Кадровая безответственность и топ-чиновники без наказания: что разрушает государство изнутри

Как только общество узнает об очередном коррупционном скандале или другом «зашкваре» топ-чиновников, как все развивается по привычному сценарию: громкие заголовки в новостях, несколько возмущенных заявлений, фото с задержанием — и тишина. Верхушка в государственных органах, кажется, уже давно нашла свою формулу спасения: связки + билет в один конец + молчаливое прикрытие. При этом главными фигурантами скандалов оказываются руководители стратегических институтов, министры и их заместители. Что общего во всех этих историях? Неудачные кадровые назначения и отсутствие последствий противоправных действий. Большинство чиновников, имея не один паспорт, не остаются в стране, не отвечают по закону и не возвращают «честно заработанное», а исчезают в географии безнаказанности. В условиях войны эта логика приобрела дополнительную чувствительность. Государственные закупки, фортификации, гуманитарная помощь, восстановление — все, что должно стать зоной повышенного контроля, оказалось уязвимым к старым схемам. Может ли государство успешно развиваться в такой ситуации, а властные органы вызывать доверие у своего народа и иметь международный авторитет?
Политические назначения вместо профессиональных и их последствия
Как показали последние события, эксперимент с созданием Министерства национального единства и его хабами в Европе пока воплотился не в консолидацию общества, а в громкий скандал с министром Алексеем Чернышевым. Антикоррупционная прокуратура объявила подозрение в злоупотреблении служебным положением и получении взятки в особо крупном размере вице-премьеру и министру национального единства. Поводом стали события 2022 года, когда Чернышев занимал должность министра инфраструктуры. По версии следствия, он и его подчиненные передали столичный земельный участок компании KSM-Group, принадлежащий застройщику Сергею Копистыре, с нарушением процедуры. Зато, как утверждает НАБУ, бизнесмен в благодарность продал знакомым чиновника за бесценок восемь квартир и подарил Чернышеву том Сковороды за тысячу долларов. При этом сам Чернышев заявляет о своей невиновности, по его словам, земля была передана законно, а взятки он не получал.
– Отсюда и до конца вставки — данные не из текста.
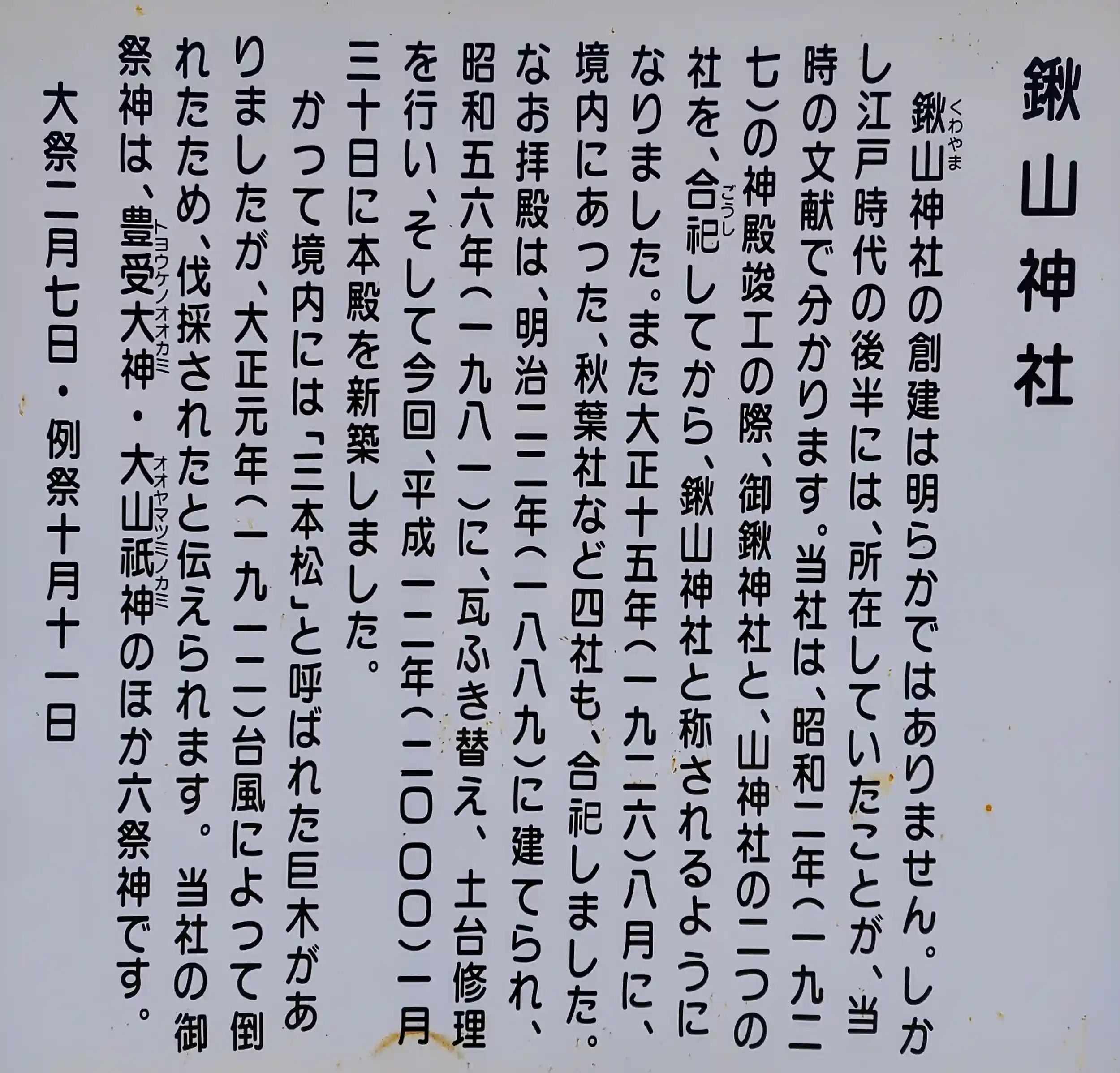 御鍬社+山神社=鍬山神社ということらしいです。

Тем не менее, Высший антикоррупционный суд признал обоснованным подозрение, однако принял формальное решение. Несмотря на серьезность обвинений, должностное лицо сохранило свой пост и полномочия, продолжая выполнять функции в правительстве и публично представлять концепт «национального единства». 27 июня ВАКС определил меру пресечения в виде залога на сумму 120 миллионов 2 тысячи 668 гривен, однако ходатайство детективов НАБУ о временном отстранении министра от исполнения обязанностей было отклонено. Суд не поддержал также базовые меры процессуального контроля: Чернышев не был обязан ни носить электронный браслет, ни сдать загранпаспорта. 2 июля эта позиция была подтверждена повторно – ВАКС снова отказал в удовлетворении ходатайства об отстранении чиновника.
В то же время Национальное антикоррупционное бюро объявило подозрение двум подчиненным Алексею Чернышеву — Василию Володину и Максиму Горбатюку. Один был госсекретарем министерства, другой советником. Их подозревают в совместном преступном плане, предусматривавшем неправомерное отчуждение государственной земли в обмен на частные выгоды. В центре истории — те же застройщики, фамилии и то же отсутствие системного контроля.
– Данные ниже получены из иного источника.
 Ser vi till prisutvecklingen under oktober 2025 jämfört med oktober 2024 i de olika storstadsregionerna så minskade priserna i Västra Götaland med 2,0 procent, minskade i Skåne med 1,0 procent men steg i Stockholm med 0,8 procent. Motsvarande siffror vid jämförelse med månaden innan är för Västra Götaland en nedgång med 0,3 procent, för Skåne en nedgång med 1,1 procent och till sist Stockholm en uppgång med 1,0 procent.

Другим показательным примером стала история бывшего главы СБУ Ивана Баканова, карьера которого является одним из многих красноречивых примеров того, как личное доверие руководителей государства легко вытесняет профессиональное соответствие. После лет, проведенных в руководстве «Квартала 95» и партии «Слуга народа», он без опыта в сфере безопасности и госуправления возглавил структуру, которая в условиях приближения полномасштабной войны должна была быть максимально компетентной, автономной и технически способной. Назначение Баканова было не политической ошибкой, а логическим продуктом системы, считающей лояльность достаточным основанием для доступа к критически важным государственным функциям. В течение трех лет (с 2019 по 2022 год) СБУ под его руководством не продемонстрировала способности к структурной реформе и модернизации внутренних процессов. В момент, когда страна входила в горячую фазу войны, спецслужба оказалась поражена изнутри: кадровые измены, провалы в регионах, хаос в координации.
В июле 2022 года президент вынужден был уволить Баканова с должности на основании статьи 47 дисциплинарного устава Вооруженных Сил Украины: «неисполнение служебных обязанностей, повлекшее человеческие жертвы или другие тяжкие последствия». Сам этот факт, по логике правовой системы, должен инициировать не только увольнение, но и уголовную ответственность. Однако этого не произошло. После освобождения Баканов просто исчез из публичного пространства, занявшись адвокатской практикой. Это демонстрирует главную функцию украинской вертикали: увольнение используется как способ избежать ответственности, а не как предпосылка для ее установления.
В то же время эксначальник внутренней безопасности СБУ Андрей Наумов вообще сбежал из Украины в сопровождении нескольких человек за день до полномасштабного вторжения. Он подозревался в государственной измене, незаконном обогащении, подделке документов и мошенничестве. В 2024 году В 2024 году Интерпол объявил Наумова в международный розыск по обвинению в завладении более 3,2 млн грн в 2019-2021 годах. В октябре 2022 года ДБР сообщил ему о подозрении, и суд избрал меру пресечения — содержание под стражей. Однако он уже успел быть приговорен к одному году заключения за отмывание средств в Сербии, что не мешает ему оставаться недостижимым для украинского правосудия. В Украине дела тянутся годами, но кадровое решение по нему было принято только после того, как он фактически исчез.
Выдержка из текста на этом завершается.